Le mouvement n'est ni dirigé ni unifié. Il est spontané et a progressivement mis ensemble des individus de tous bords. Les nationalistes de droite et de gauche côtoient le parti qui défend les droits des populations kurdes; les musulmans anti-capitalistes côtoient les mouvements homosexuels. Tous sont réunis pour défendre leurs libertés face au gouvernement. 

Cezmi, 23 ans, étudiant à Izmir

Cezmi (son nom a été changé) a 23 ans. Il est Turque et habite la deuxième ville du pays, Izmir. Étudiant à l'université Dokuz Eylül, il a participé aux premières manifestations qui ont suivi celles qui ont eu lieu en tout premier lieu à Istanbul.
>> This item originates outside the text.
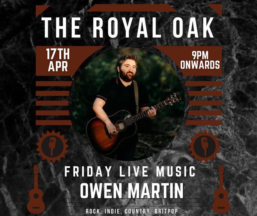 Live music tonight with Owen Martin 🎶 He’s on from 8:30pm, so if you’re out and about, drop in for a drink and a bit of live music. Easy evening, good tunes, and the usual Royal Oak atmosphere. 🍻🎸

Il a aussi contribué à ces agitations locales faites de bruits de fourchettes, de couteaux ou de cuillères sur des casseroles. "Des personnes âgées nous rejoignaient" précise Cezmi.

Selon lui, l'origine des manifestations qui touchent aujourd'hui la Turquie depuis dix jours peuvent se résumer en quelques phrases :

Une telle révolte n'est pas dûe à un évènement en particulier. C'est une série d'évènements qui se sont produits. Petit à petit, ils [les autorités, ndlr] ont brûlé, ils ont volé, ils ont violé tout ce qui, pour nous, étaient des signes de notre culture.

Bien sûr, tout a vraiment commencé le deuxième jour des manifestations "à 5 heures du matin avec du gaz lacrymogène". Comme le précise Cezmi, "normalement la police envoie du gaz lacrymogène pour faire partir les gens. Là, ils en envoyaient puis leur barraient la route. Ils en ont même mis dans une rame de métro puis ont fermé la porte".

La cause de son engagement, Cezmi le justifie par un mot et un seul : Internet.

Nous nous sommes organisés à travers les réseaux sociaux. Nous avons créé de nombreux groupes sur Whatsapp afin de mieux nous coordonner. Sans les réseaux sociaux, cela se serait terminé en quelques heures. Les réseaux sociaux ne sont pas importants, ils sont tout ! Et du fait que nos médias n'ont rien montré, il s'est avéré que cette révolte était avant tout un mouvement de la jeunesse.

Et d'argumenter :

Par exemple, mes parents, qui sont très protecteurs, ne m'ont pas appelé pendant deux jours alors qu'au même moment la ville de Izmir était littéralement en train de brûler et que j'étais au premier rang des gaz lacrymogènes.

Pour Cezmi, les expressions historiques "Printemps Arabe" et "Occupy Wall Street" n'ont pas lieu d'être : "Ça n'a rien à voir. C'est un mouvement important pour ma génération parce que nous sommes les enfants du coup d'État militaire de 1980 [du 12 septembre 1980, ndlr]. Nos parents ont essayé de nous rendre apolitiques parce qu'eux sont passés par la torture ou ont connu des personnes qui ont été tuées ou torturées. Heureusement, notre génération finit dans la rue".

Il conclut :

A la différence du Printemps Arabe, nous ne voulons pas changer le gouvernement ou de type de gouvernement. Nous essayons de faire que les gens se soulèvent pour protéger leurs droits.